Если уж дядя говорил в комнате Фомы таким тоном и голосом, то, казалось бы, всё обстояло благополучно. Но в том-то и беда, что дядя неспособен был ничего угадать по лицу, как выразился Мизинчиков; а взглянув на Фому, я как-то невольно согласился, что Мизинчиков прав и что надо было чего-нибудь ожидать…

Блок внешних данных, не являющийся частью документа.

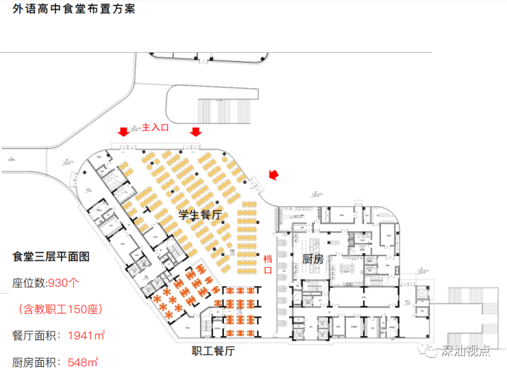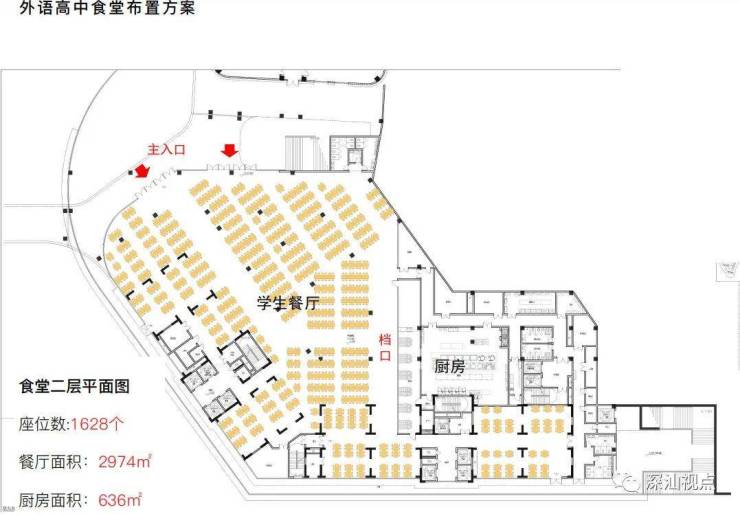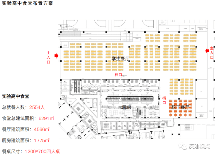 同时,在架空层大巴接驳区开通食堂通道,设置对家长开放的就餐区。

— Не беспокойтесь обо мне, полковник, — отвечал Фома слабым голосом, голосом человека, прощающего врагам своим. — Сюрприз я, конечно, хвалю: это изображает чувствительность и благонравие ваших детей. Стихи тоже полезны, даже для произношения… Но я не стихами был занят это утро, Егор Ильич: я молился… вы это знаете… Впрочем, готов выслушать и стихи.
Между тем я поздравил Илюшу и поцеловал его.

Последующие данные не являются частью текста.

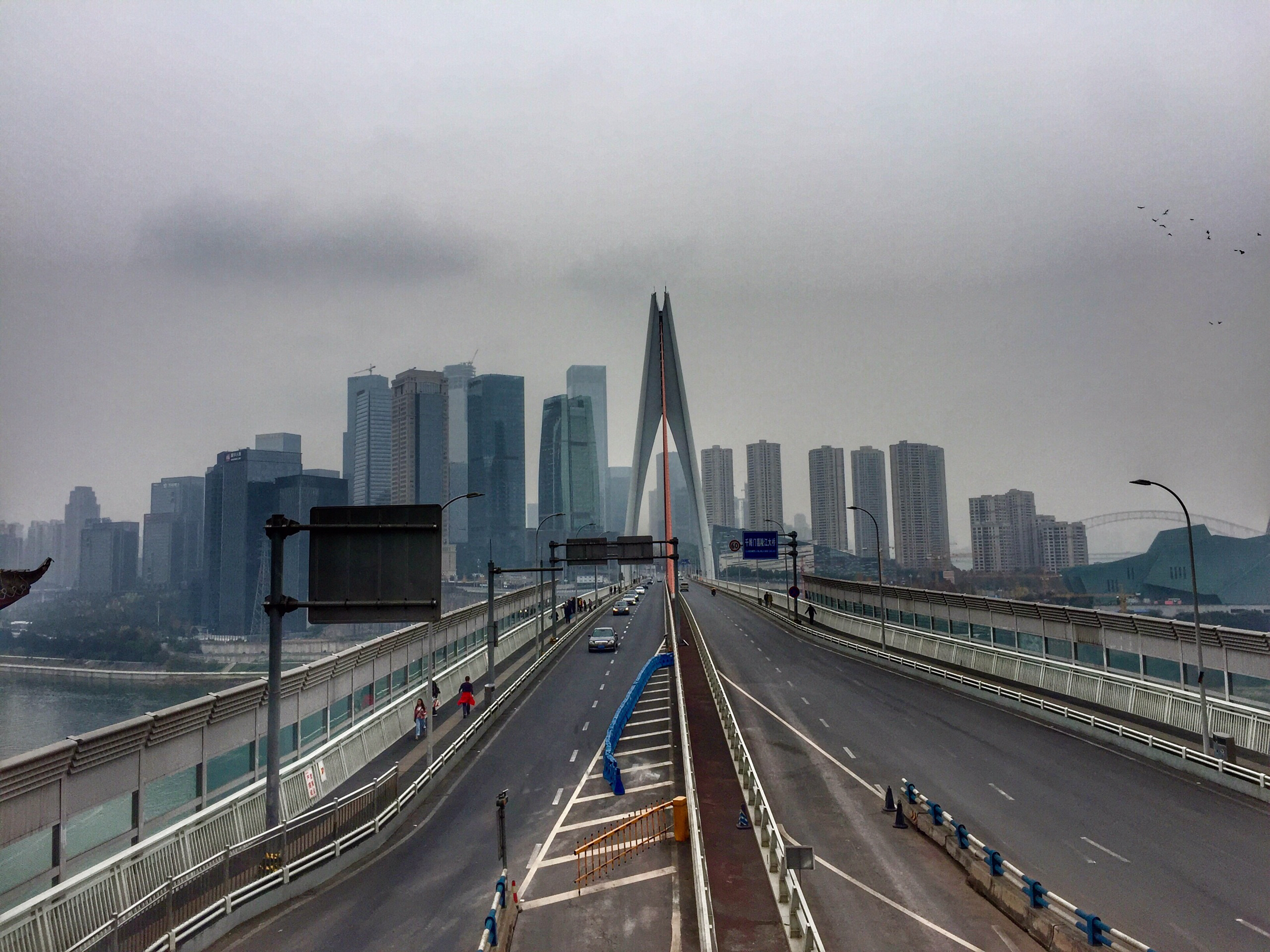 ·朝天门大桥连接解放碑、江北城、弹子石三大中央商务区;全长1741米,是主城一条东西向快速干道。

— Именно, Фома, извини! Я забыл… хоть и уверен в твоей дружбе, Фома! Да поцелуй его еще раз, Сережа! Смотри, какой мальчуган! Ну, начинай, Илюшка! Про что это? Верно, какая-нибудь ода торжественная, из Ломоносова что-нибудь?
И дядя приосанился. Он едва сидел на месте от нетерпения и радости.
— Нет, папочка, не из Ломоносова, — сказала Сашенька, едва подавляя свой смех, — а так как вы были военный и воевали с неприятелями, то Илюша и выучил стихи про военное… Осаду Памбы, папочка.
— Осада Памбы? а! не помню… Что это за Памба, ты знаешь, Сережа? Верно, что-нибудь героическое.
И дядя приосанился в другой раз.
— Говори, Илюша! — скомандовала Сашенька.
Девять лет, как Педро Гомец*…—
начал Илюша маленьким, ровным и ясным голосом, без запятых и без точек, как обыкновенно сказывают маленькие дети заученные стихи, —
Девять лет, как Педро Гомец
Осаждает замок Памбу,
Молоком одним питаясь,
И всё войско дона Педра,
Девять тысяч кастильянцев,
Все по данному обету
Ниж
Пьют одно лишь молоко.
— Как! что? Что это за молоко? — вскричал дядя, смотря на меня в изумлении.
— Читай дальше, Илюша, — вскричала Сашенька.
Всякий день дон Педро Гомец
О своем бессилье плачет,
Закрываясь епанчою.
Настает уж год десятый;
Злые мавры торжествуют;
А от войска дона Педра
Всего-навсего осталось
Девятнадцать человек…
— Да это галиматья! — вскричал дядя с беспокойством, — ведь это невозможное ж дело! Девятнадцать человек от всего войска осталось, когда прежде был, даже и весьма значительный, корпус! Что ж это, братец, такое?
Но тут Саша не выдержала и залилась самым откровенным и детским смехом; и хоть смешного было вовсе немного, но не было возможности, глядя на нее, тоже не засмеяться.